下面一条SQL能够使用索引吗?
select object_id,object_name,object_type from t1 where object_id is null;
有人会说,索引不存储null值,所以这个SQL不会使用索引;也有人会说,能够使用索引啊,只要在object_id列上建位图索引就可以使用索引了,另外对于CLUSTER表的KEY列,null值也可以存储在索引中(也就是能够进行索引)。
本文要探讨的是,null值不能进行索引的真正含义:
实际上对于null值,除了位图索引、CLUSTER表的KEY列,也是有可能索引的。那就是复合索引,也就是多列索引。对于普通的索引,null值不能进行索引的正确理解应该是,对于某一行,索引的所有列的值都是null值时,该行才不能被索引。
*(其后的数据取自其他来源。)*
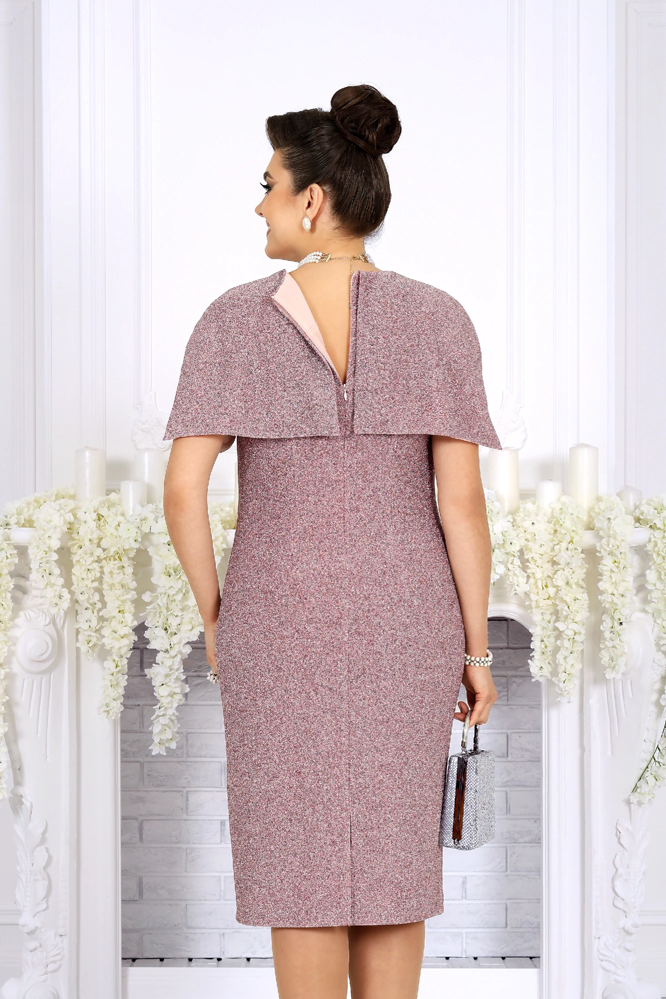 Элегантное женское платье создано для особых случаев, когда хочется выглядеть безупречно и чувствовать себя уверенно. Модель полуприлегающего силуэта мягко подчёркивает фигуру, визуально вытягивает силуэт и комфортно садится на фигуру, в том числе в больших размерах. Платье выполнено из эффектного трикотажного полотна с фактурной лицевой стороной «люрекс», которое красиво переливается при свете и придаёт образу праздничное настроение. Трикотажная подкладка обеспечивает комфорт при носке и идеальную посадку. Особый акцент модели — эффектная пелерина с фигурным низом и разрезами от плечевых швов. Она создаёт ощущение многослойности, скрывает зону плеч и рук и добавляет образу торжественности. Съёмный декоративный цветок позволяет менять настроение платья — от сдержанной классики до выразительного праздничного образа. Это платье станет идеальным выбором для свадьбы, торжественного вечера, юбилея, корпоратива или праздничного выхода, подчёркивая статус и вкус своей обладательницы. Платье женское полуприлегающего силуэта, выполнено из трикотажного полотна с фактурной лицевой стороной «люрекс». Модель на трикотажной подкладке, без воротника и рукавов, без плечевых накладок. Перед отрезной по линии талии; на верхней части обработан рельеф, направленный от левой проймы, на нижней части, на продолжении линии рельефного шва, обработана таллиевая вытачка. По обе стороны от подреза талии переда застрочены косые односторонние складки. Спинка с таллиевыми вытачками и средним швом, в верхней части которого обработана застежка на потайную тесьму-«молнию» (50см), в нижней – разрез. Горловина круглой формы, спереди углубленная. В шов обтачивания горловины входит пелерина с фигурным низом и разрезами от плечевых швов; пелерина разъемная по середине спинки. Платье дополнено съемным «цветком» из основного полотна. Длина платья - 106 см.

那么对于上面的SQL语句,我们就可以想办法让它走索引。下面举例说明:
SQL> desc t1
名称 是否为空? 类型
----------------------------------------- -------- --------------
OWNER VARCHAR2(30)
OBJECT_NAME NOT NULL VARCHAR2(128)
SUBOBJECT_NAME VARCHAR2(30)
OBJECT_ID NUMBER
DATA_OBJECT_ID NUMBER
OBJECT_TYPE VARCHAR2(18)
CREATED DATE
LAST_DDL_TIME DATE
TIMESTAMP VARCHAR2(19)
STATUS VARCHAR2(7)
TEMPORARY VARCHAR2(1)
GENERATED VARCHAR2(1)
SECONDARY VARCHAR2(1)
SQL> create index t1_idx on t1(object_id,object_name);
SQL> analyze table t1 compute statistics for table for all indexes for all indexed columns;
表已分析。
SQL> select object_id,object_name,object_type from t1 where object_id is null;
OBJECT_ID OBJECT_NAME OBJECT_TYPE
---------- ------------------------------ ------------------------------
XTY DATABASE LINK
Execution Plan
----------------------------------------------------------
0 SELECT STATEMENT Optimizer=CHOOSE (Cost=3 Card=1 Bytes=38)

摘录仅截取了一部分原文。